Platelet and fibrinogen kinetics in canine tumors.


Fifty-three dogs with spontaneously occurring tumors were evaluated for abnormalities in the concentration and in vivo survival of platelets and fibrinogen. Thrombocytopenia occurred only in animals with extensive tumor involving spleen or marrow. Platelet survival was shortened in 6 of 15 (40%) dogs with localized tumor [mean 4.4 days +/- 0.3 (S.E.); normal 5.4 days +/- 0.1] and 30 of 35 (80%) dogs with metastatic tumor (mean 3.2 days +/- 0.2). Platelet survival progressively shortened during studies performed in dogs with ongoing disease. Fibrinogen concentration was increased (mean 420 +/- 30 mg/dl) in 44 of 53 (83%) of tumor-bearing dogs (normal 210 +/- 10 mg/dl). Neither history nor extent of disease, including presence of hepatic metastases, appeared to influence fibrinogen concentration significantly.

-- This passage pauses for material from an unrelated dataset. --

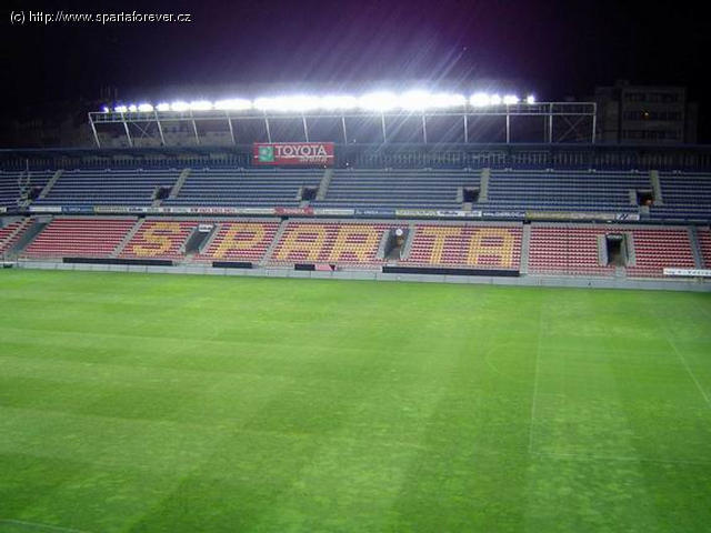 Stadion Sparty je stejně jako samotný klub vlajkovou lodí českého fotbalu. Poslední úpravou, která v nedávné době v našem chrámu proběhla byla výměna osvětlení. To staré fungovalo neuvěřitelných 35 let. Nové má nyní intenzitu 1600 luxů a jeho ostrá zápasová premiéra proběhla 30.7. 2005 při posledním utkání letní přípravy proti Norimberku. A jak se mnozí z nás mohli přesvědčit, rozhodně je to úspěšná změna. Celá rekonstrukce osvětlení hrací plochy i hlediště a přidání světel na střechy tribun za brankami probíhala bezmála dva měsíce a byla ukončena zkušebním provozem. Zde si nyní můžete z této zkoušky prohlédnout exkluzivní fotografie. Tímto také děkujeme za jejich zaslání. Všichni se tak můžeme pokochat nádherným pohledem na náš potemnělý a fotbalově romanticky osvětlený svatostánek či si prohlédnout zajímavé záběry do prázdného hlediště. Nutno podotknout, že tato rekonstrukce náš klub dle oficiálních vyjádření stála bezmála 10 miliónů korun. Nyní si jen přejme, aby toto nové osvětlení zažilo aspoň tolik úspěchů borců v rudých trikách jako to předešlé. SPARTA FOREVER!

Fibrinogen survival was below the normal range in 3 of 15 (20%) dogs with localized tumor and in 9 of 34 (26%) dogs with metastatic tumors. Thus, platelet consumption appeared to be the most significant hemostatic abnormality in tumor-bearing dogs. This model may be useful in evaluating the efficiency of antithrombotic therapy in preventing tumor-related hemostatic abnormalities.